→ Problem description
Only the stretch below from the line holding "产品尺寸挺小的,和家用的电视" through the line holding "Fabricada en hierro" should be restated, word for word and with both ends included; pictures stay out.

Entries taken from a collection

== Segment start ==

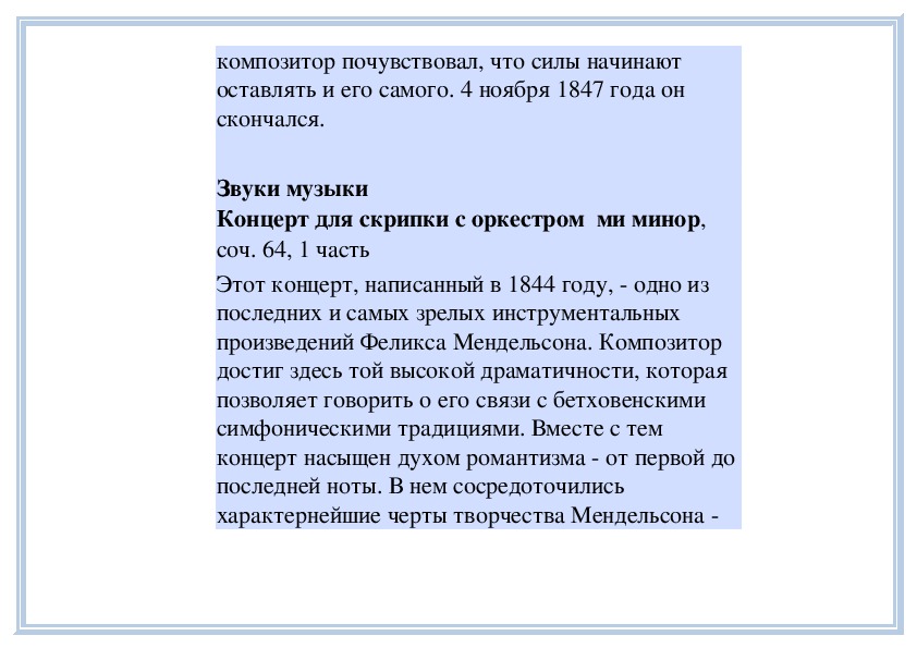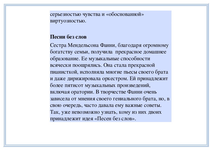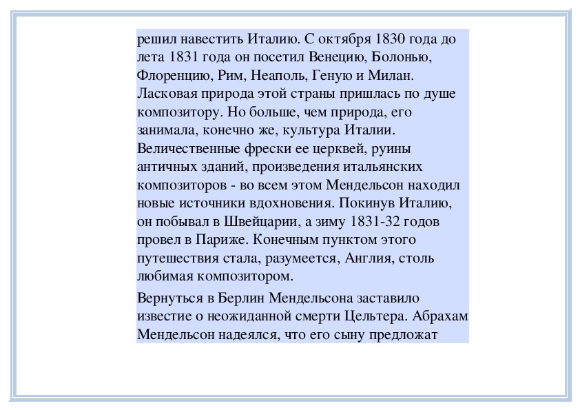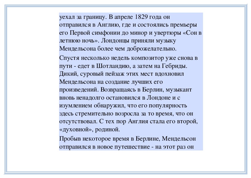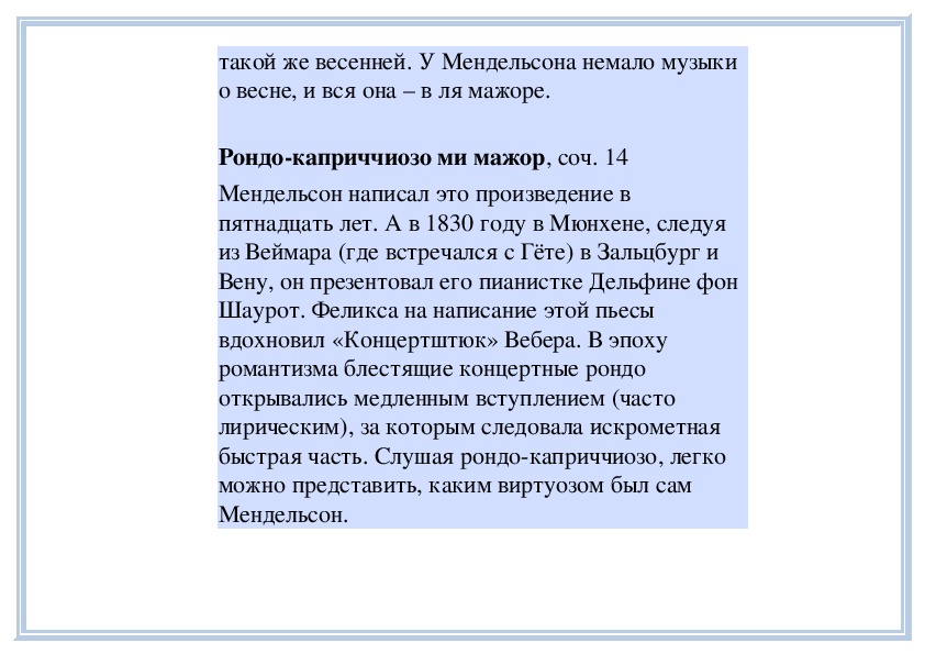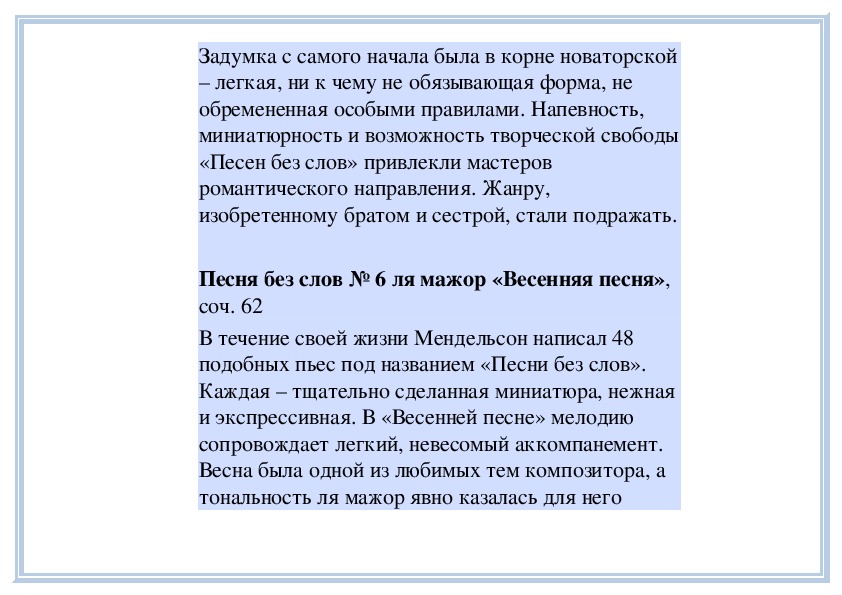 тональность ля мажор явно казалась для неготакой же весенней. У Мендельсона немало музыки
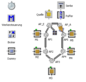 Das Beispiel zeigt eine Chaku-Chaku-Simulation ohne Zwischenpuffer. Der Werker entlädt und lädt Maschinen direkt.
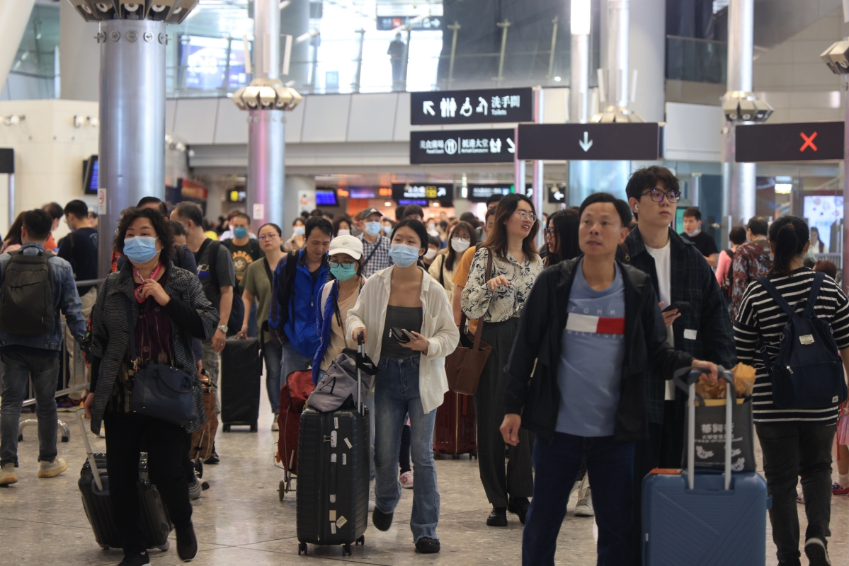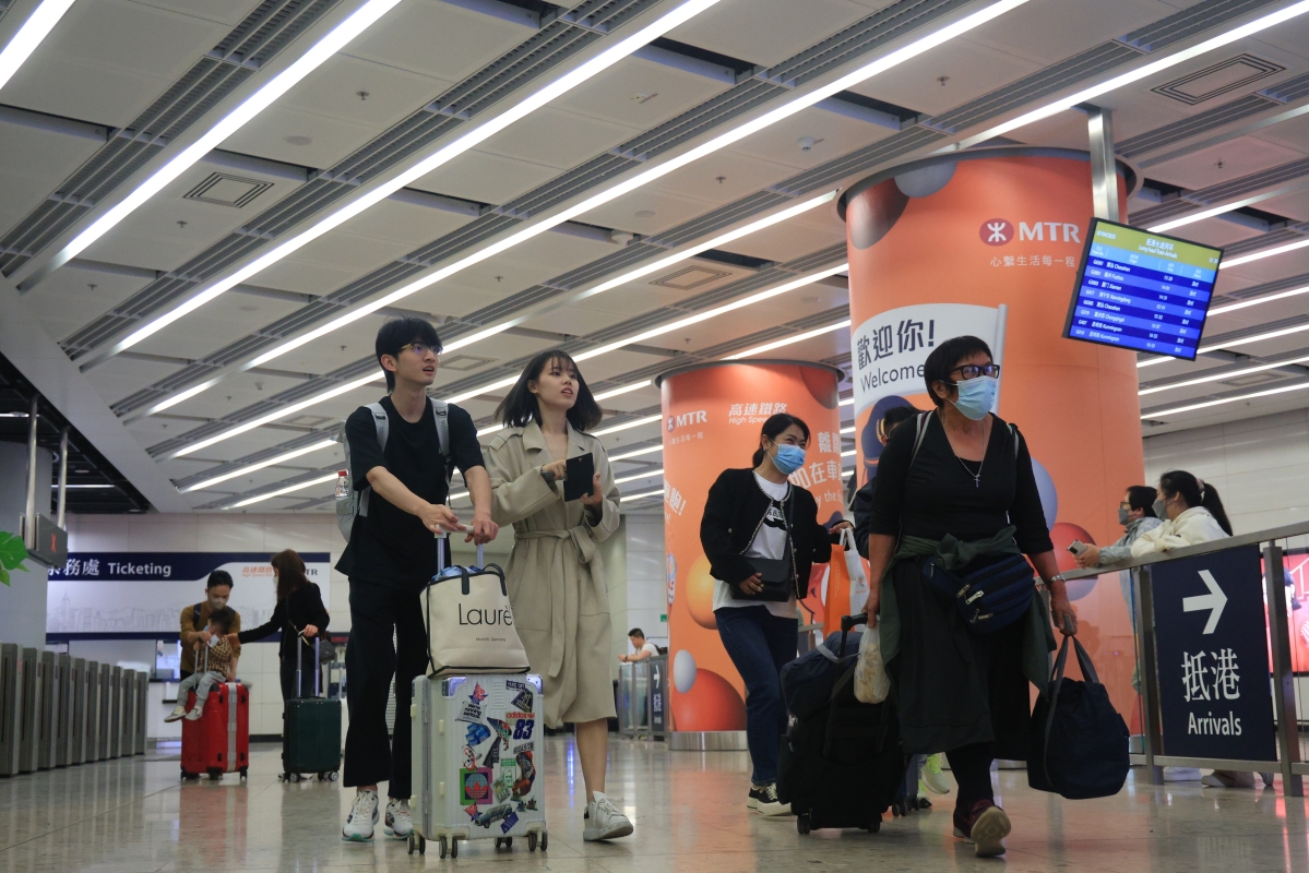 大批旅客乘坐高鐵抵達香港
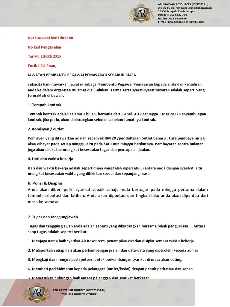 Puan farah jasmin,surat tawaran pekerjaan.merujuk pekara di atas, dengan sukacita syarikat kami ingin menawarkan jawatansebagai pembantu tadbir / pembantu .
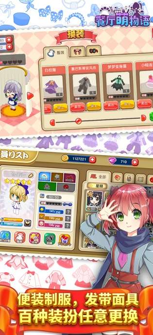 自由度极高的装饰布置:游戏中提供了丰富的装饰道具和家具,玩家可以根据喜好和主题自由布置自己的餐厅,创造出独一无二的萌娘空间。
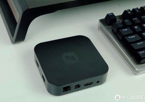 产品尺寸挺小的,和家用的电视盒子类似,中间有一个大大的向日葵产品LOGO,迷你的机身设计也让设备可以使用的场景更多,不会占用太大的空间。
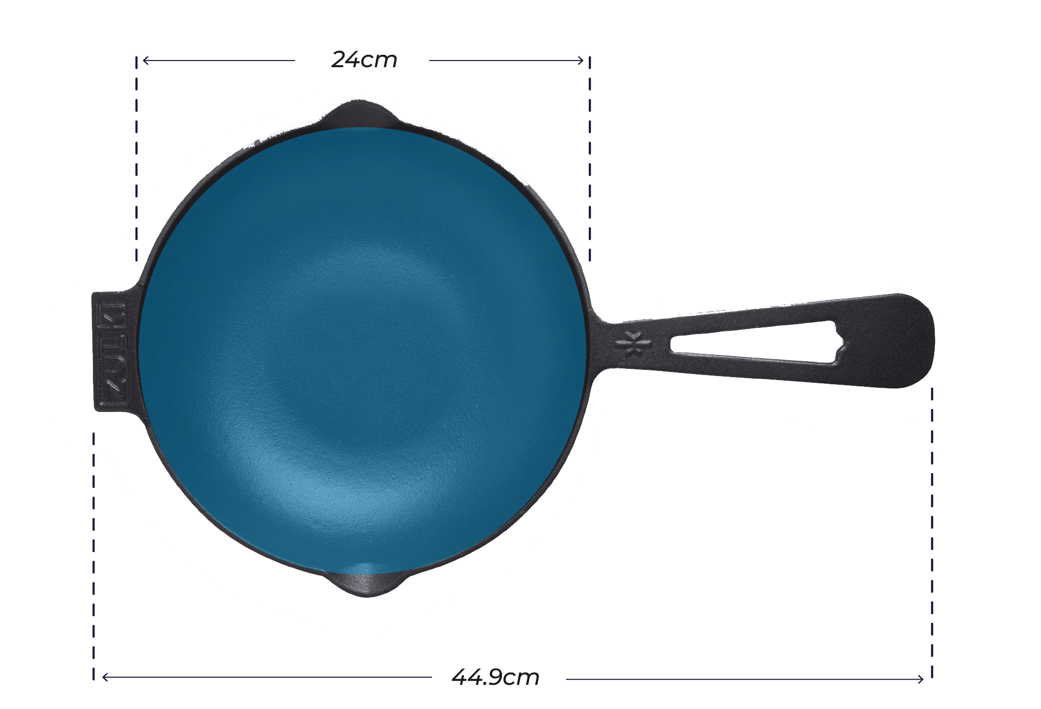 Fabricada en hierro fundido y recubierta con esmalte cerámico, combina lo mejor de dos mundos: la durabilidad y retención térmica del hierro, con las propiedades antiadherentes y de bajo mantenimiento que ofrece la cerámica. Este recubrimiento permite cocinar sin preocuparte por oxidaciones ni curados frecuentes, manteniendo un contacto seguro y saludable con los alimentos.
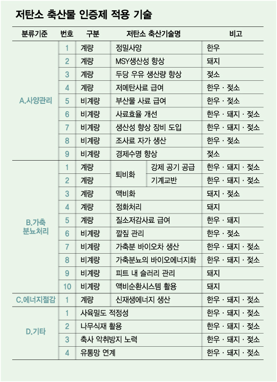 저탄소 영농활동은 축산 농가 현장에서 축종을 사양할 때 적용되어야 하기 때문에 농가의 자발적 참여 없이는 축산 분야 온실가스 저감이 쉽지 않다. 올해 현장 의견을 수렴해 기존 월별로 제출해야했던 증빙자료 제출주기를 분기별로 바꿔 제출서류를 간소화한 것도 농가 부담을 줄이기 위해서 였다.
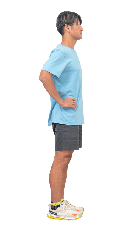 ※足首が硬くてバランスを崩してしまう人は、踵が浮いてしまってもOK。
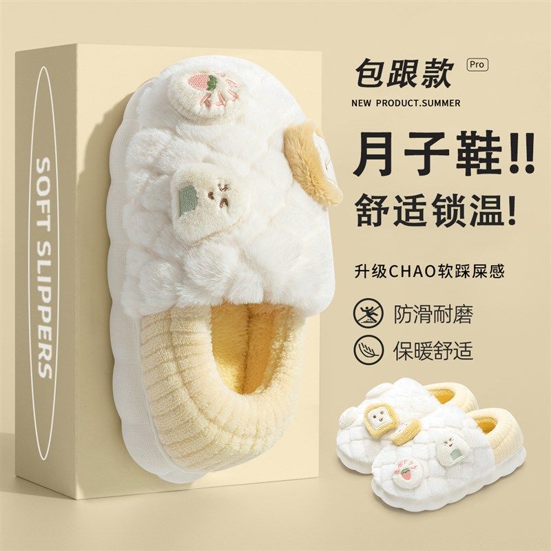 棉拖鞋女冬2024新款室内家居10月孕妇加绒保暖防滑月子Z鞋秋冬包

== Segment end ==

→ Completed task
 产品尺寸挺小的,和家用的电视盒子类似,中间有一个大大的向日葵产品LOGO,迷你的机身设计也让设备可以使用的场景更多,不会占用太大的空间。
 Fabricada en hierro fundido y recubierta con esmalte cerámico, combina lo mejor de dos mundos: la durabilidad y retención térmica del hierro, con las propiedades antiadherentes y de bajo mantenimiento que ofrece la cerámica. Este recubrimiento permite cocinar sin preocuparte por oxidaciones ni curados frecuentes, manteniendo un contacto seguro y saludable con los alimentos.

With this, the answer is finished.